> [BRIEF]:
Your answer must be the exact lines of the listing below that run from the line with "The woman was" to the line with "Dodaj odrobinę delikatności", ends included, and no pictures.

> [RECORDS TO PROCESS]:
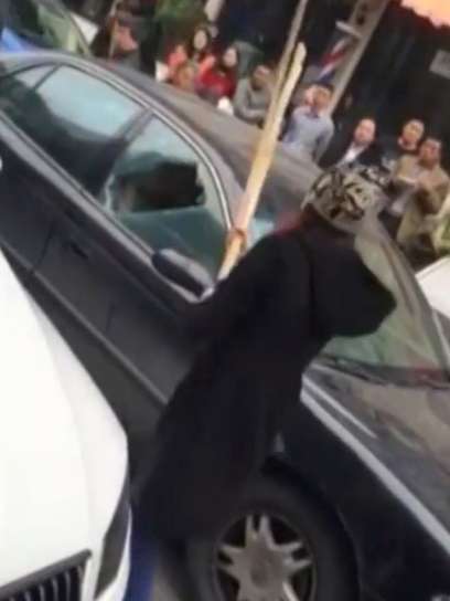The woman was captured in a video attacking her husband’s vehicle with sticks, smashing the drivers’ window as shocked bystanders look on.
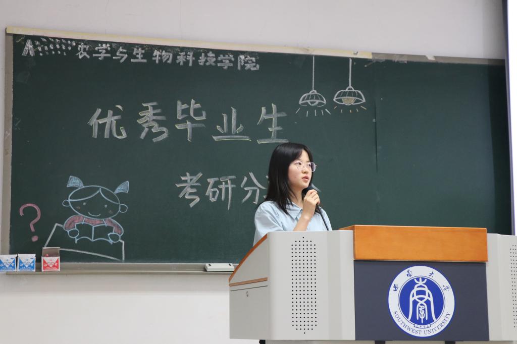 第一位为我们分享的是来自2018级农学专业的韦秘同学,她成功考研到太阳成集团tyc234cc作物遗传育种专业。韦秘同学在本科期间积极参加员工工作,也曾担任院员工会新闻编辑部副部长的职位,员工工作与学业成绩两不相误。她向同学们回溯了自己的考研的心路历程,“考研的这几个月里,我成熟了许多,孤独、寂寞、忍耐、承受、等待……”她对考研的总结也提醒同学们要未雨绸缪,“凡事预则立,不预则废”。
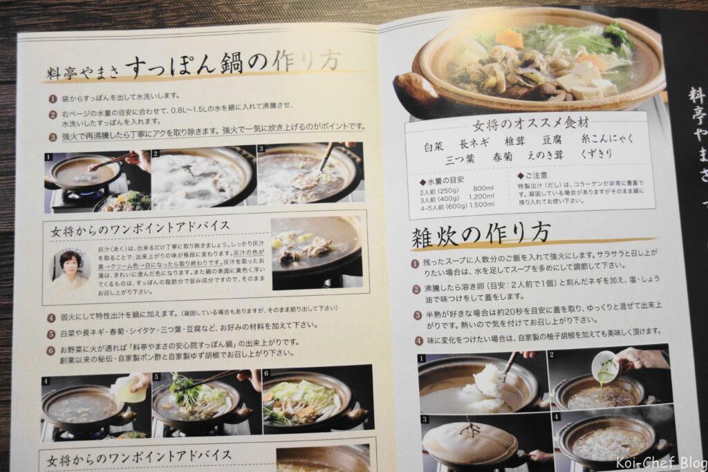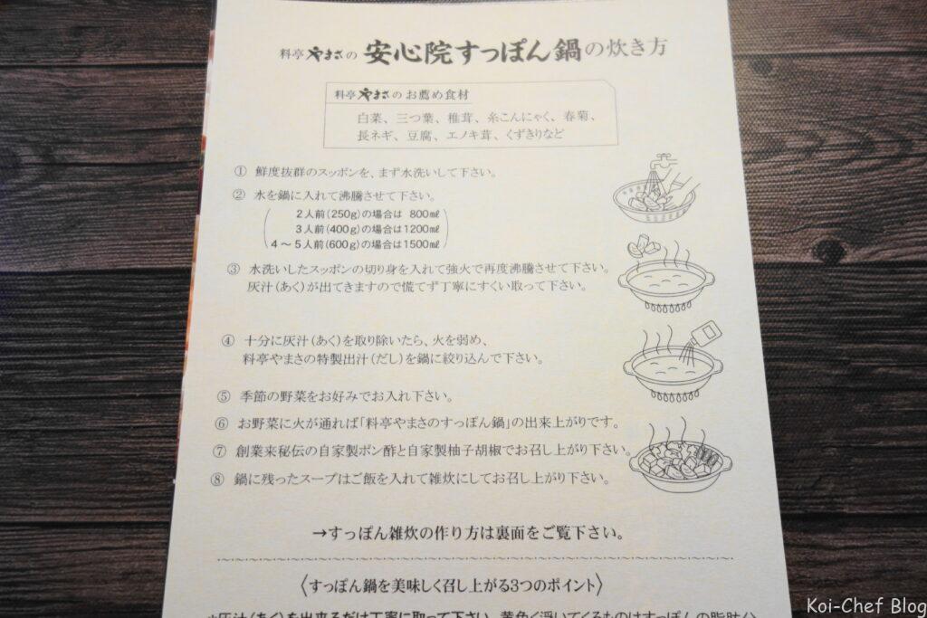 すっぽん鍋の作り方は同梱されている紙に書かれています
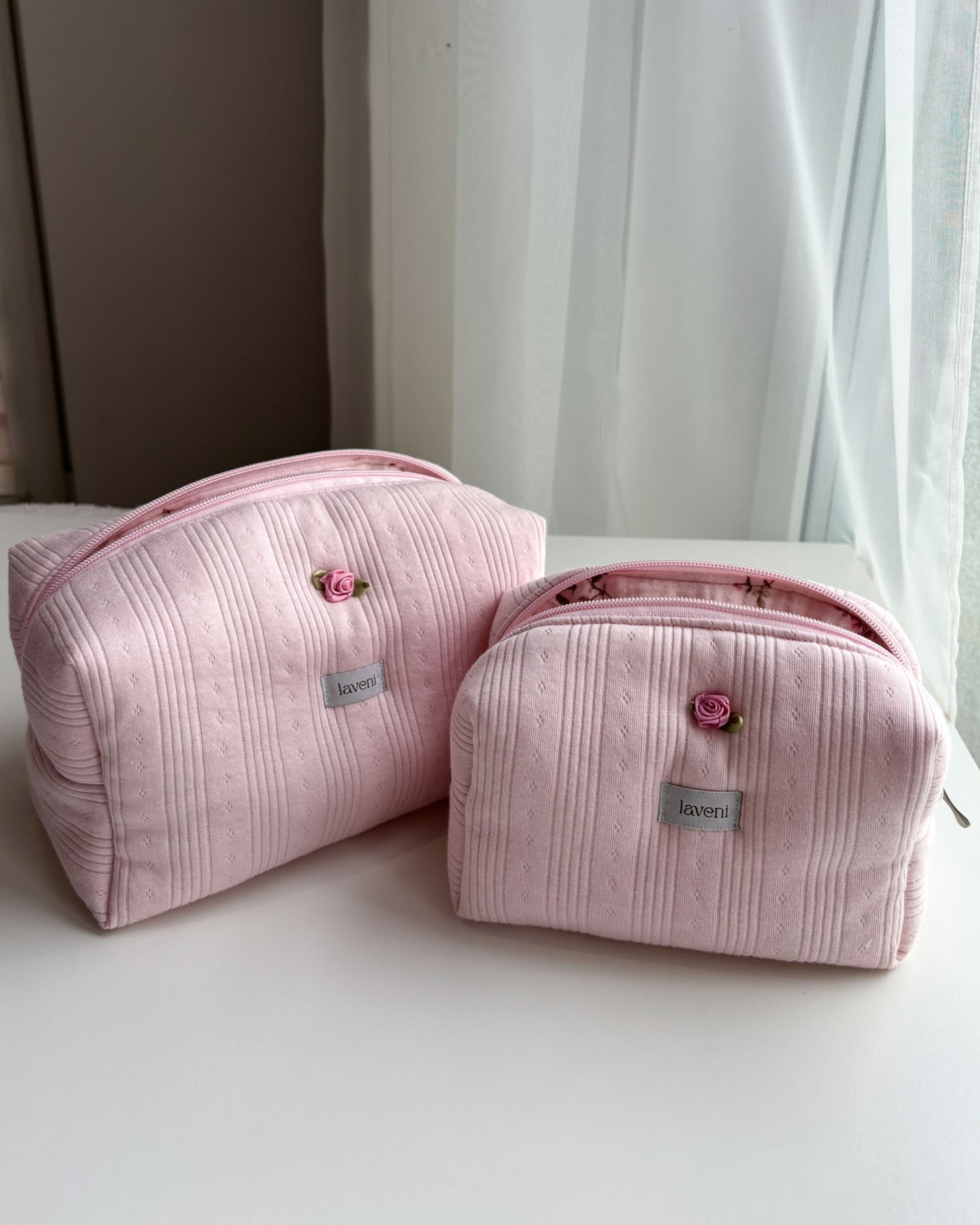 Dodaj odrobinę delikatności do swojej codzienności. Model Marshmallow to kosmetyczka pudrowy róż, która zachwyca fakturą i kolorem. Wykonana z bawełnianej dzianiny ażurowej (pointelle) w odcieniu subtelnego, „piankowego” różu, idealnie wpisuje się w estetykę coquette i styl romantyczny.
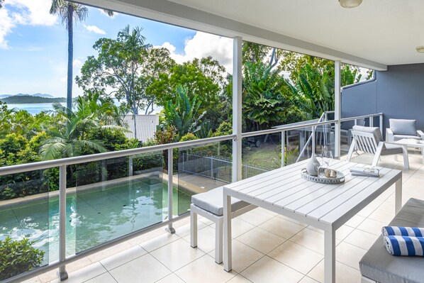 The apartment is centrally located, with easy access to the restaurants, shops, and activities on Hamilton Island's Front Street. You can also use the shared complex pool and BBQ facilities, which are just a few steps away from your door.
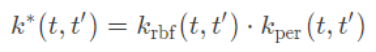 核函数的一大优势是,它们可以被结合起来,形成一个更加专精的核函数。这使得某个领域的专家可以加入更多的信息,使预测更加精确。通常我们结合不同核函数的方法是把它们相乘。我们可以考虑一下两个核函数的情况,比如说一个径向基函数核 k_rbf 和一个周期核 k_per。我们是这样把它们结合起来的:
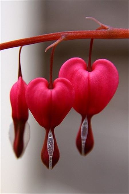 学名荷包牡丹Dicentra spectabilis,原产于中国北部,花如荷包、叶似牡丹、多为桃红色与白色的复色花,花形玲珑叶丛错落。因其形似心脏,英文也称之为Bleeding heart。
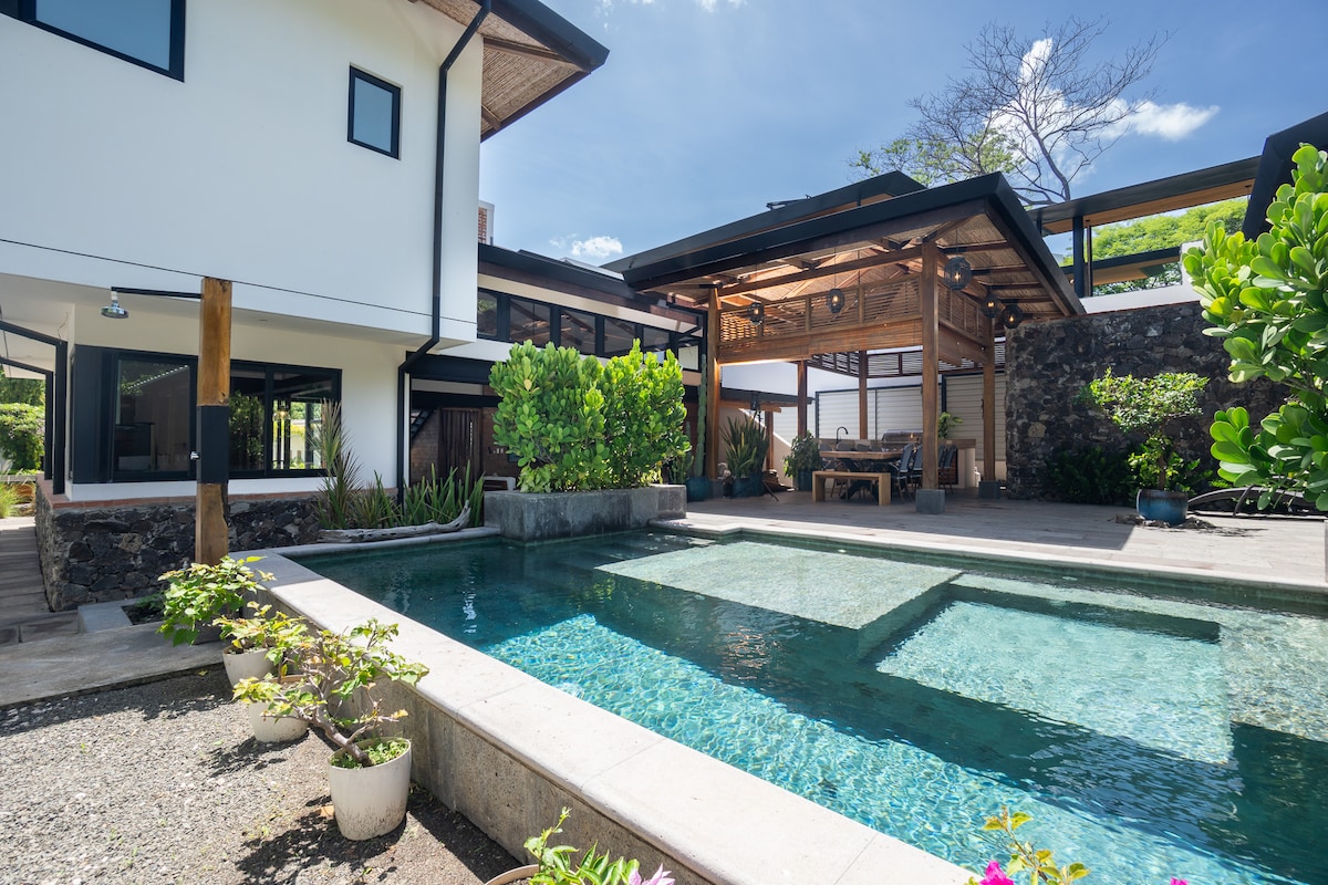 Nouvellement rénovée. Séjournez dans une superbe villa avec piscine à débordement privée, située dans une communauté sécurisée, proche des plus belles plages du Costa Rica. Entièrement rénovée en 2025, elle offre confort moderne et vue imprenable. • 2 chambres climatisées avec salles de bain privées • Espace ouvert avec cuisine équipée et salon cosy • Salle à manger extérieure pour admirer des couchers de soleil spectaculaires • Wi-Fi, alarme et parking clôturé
* * *
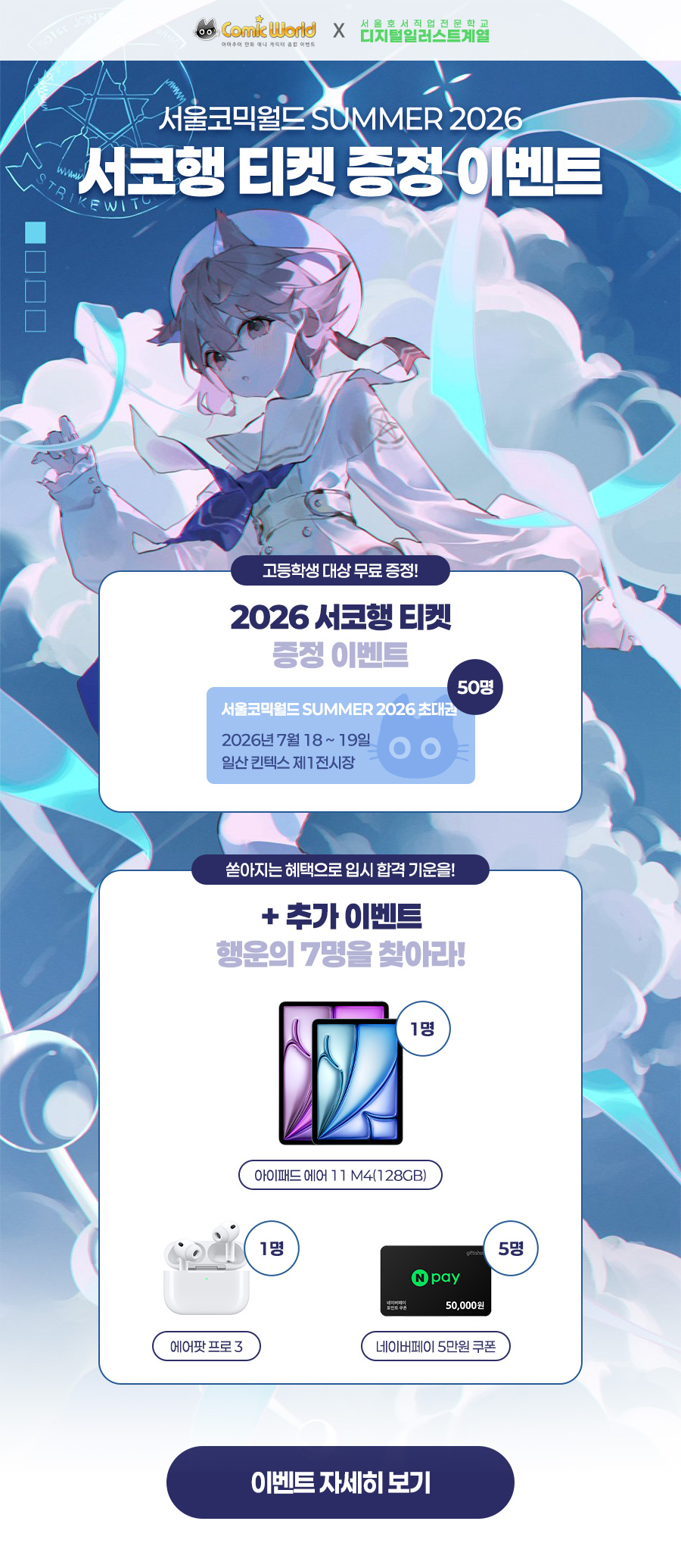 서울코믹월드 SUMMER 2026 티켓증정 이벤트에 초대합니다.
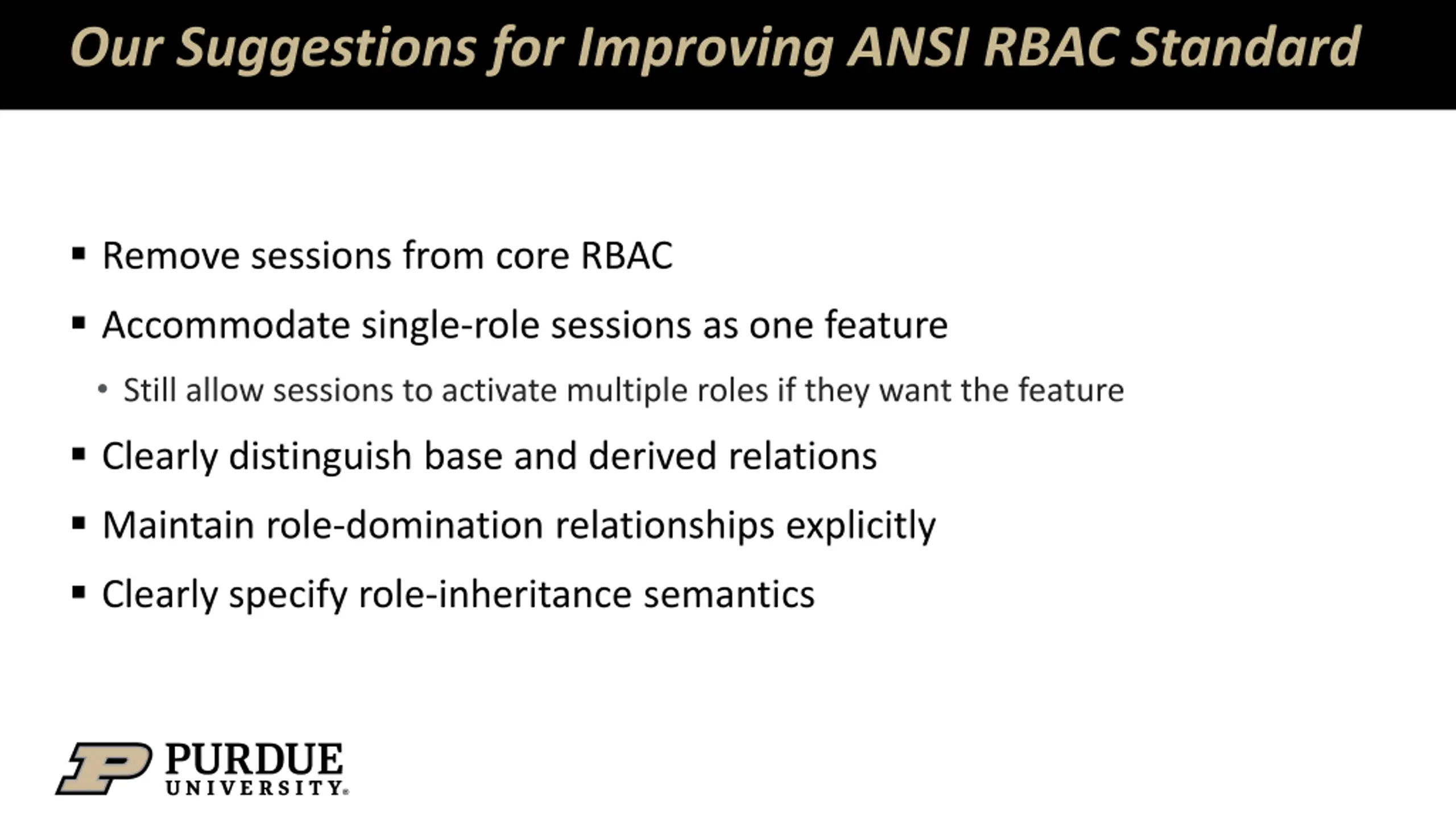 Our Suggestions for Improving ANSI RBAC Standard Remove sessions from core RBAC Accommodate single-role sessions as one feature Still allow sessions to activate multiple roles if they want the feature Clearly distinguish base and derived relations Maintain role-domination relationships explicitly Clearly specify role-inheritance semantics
--
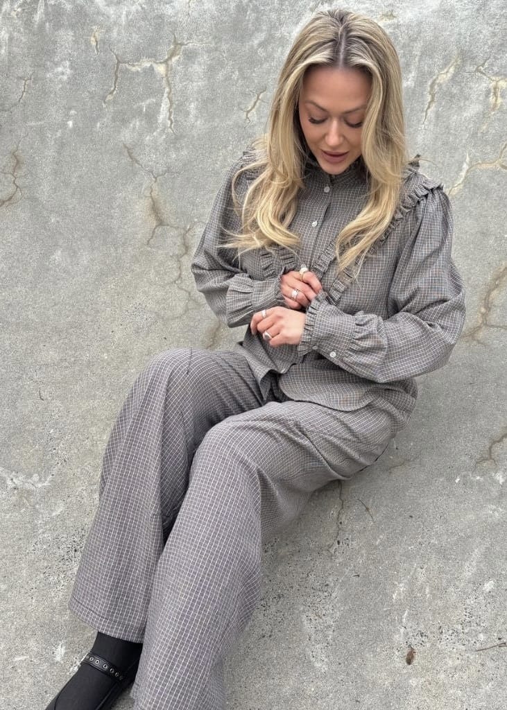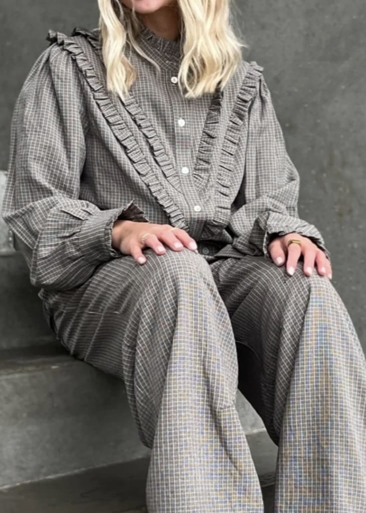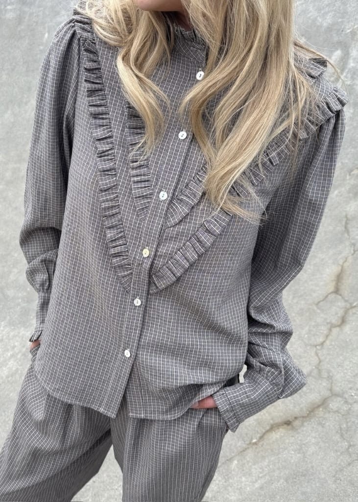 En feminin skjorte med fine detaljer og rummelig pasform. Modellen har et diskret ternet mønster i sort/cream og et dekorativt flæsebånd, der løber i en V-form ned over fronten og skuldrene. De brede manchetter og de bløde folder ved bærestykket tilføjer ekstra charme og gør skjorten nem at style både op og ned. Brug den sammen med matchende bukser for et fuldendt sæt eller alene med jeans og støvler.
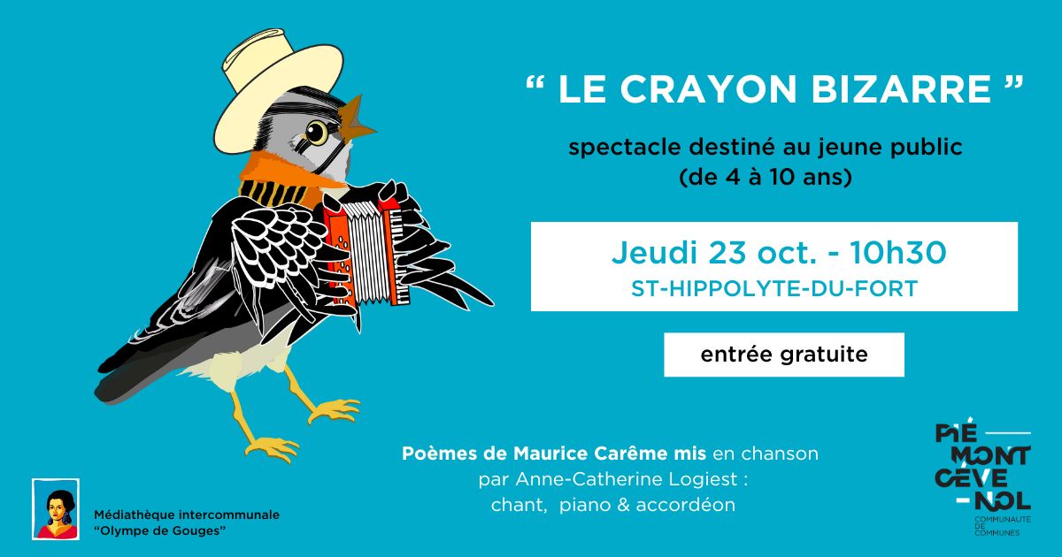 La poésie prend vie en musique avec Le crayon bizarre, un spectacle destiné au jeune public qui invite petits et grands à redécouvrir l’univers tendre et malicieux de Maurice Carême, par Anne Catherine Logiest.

> [THE ANSWER]:
The woman was captured in a video attacking her husband’s vehicle with sticks, smashing the drivers’ window as shocked bystanders look on.
 第一位为我们分享的是来自2018级农学专业的韦秘同学,她成功考研到太阳成集团tyc234cc作物遗传育种专业。韦秘同学在本科期间积极参加员工工作,也曾担任院员工会新闻编辑部副部长的职位,员工工作与学业成绩两不相误。她向同学们回溯了自己的考研的心路历程,“考研的这几个月里,我成熟了许多,孤独、寂寞、忍耐、承受、等待……”她对考研的总结也提醒同学们要未雨绸缪,“凡事预则立,不预则废”。
 すっぽん鍋の作り方は同梱されている紙に書かれています
 Dodaj odrobinę delikatności do swojej codzienności. Model Marshmallow to kosmetyczka pudrowy róż, która zachwyca fakturą i kolorem. Wykonana z bawełnianej dzianiny ażurowej (pointelle) w odcieniu subtelnego, „piankowego” różu, idealnie wpisuje się w estetykę coquette i styl romantyczny.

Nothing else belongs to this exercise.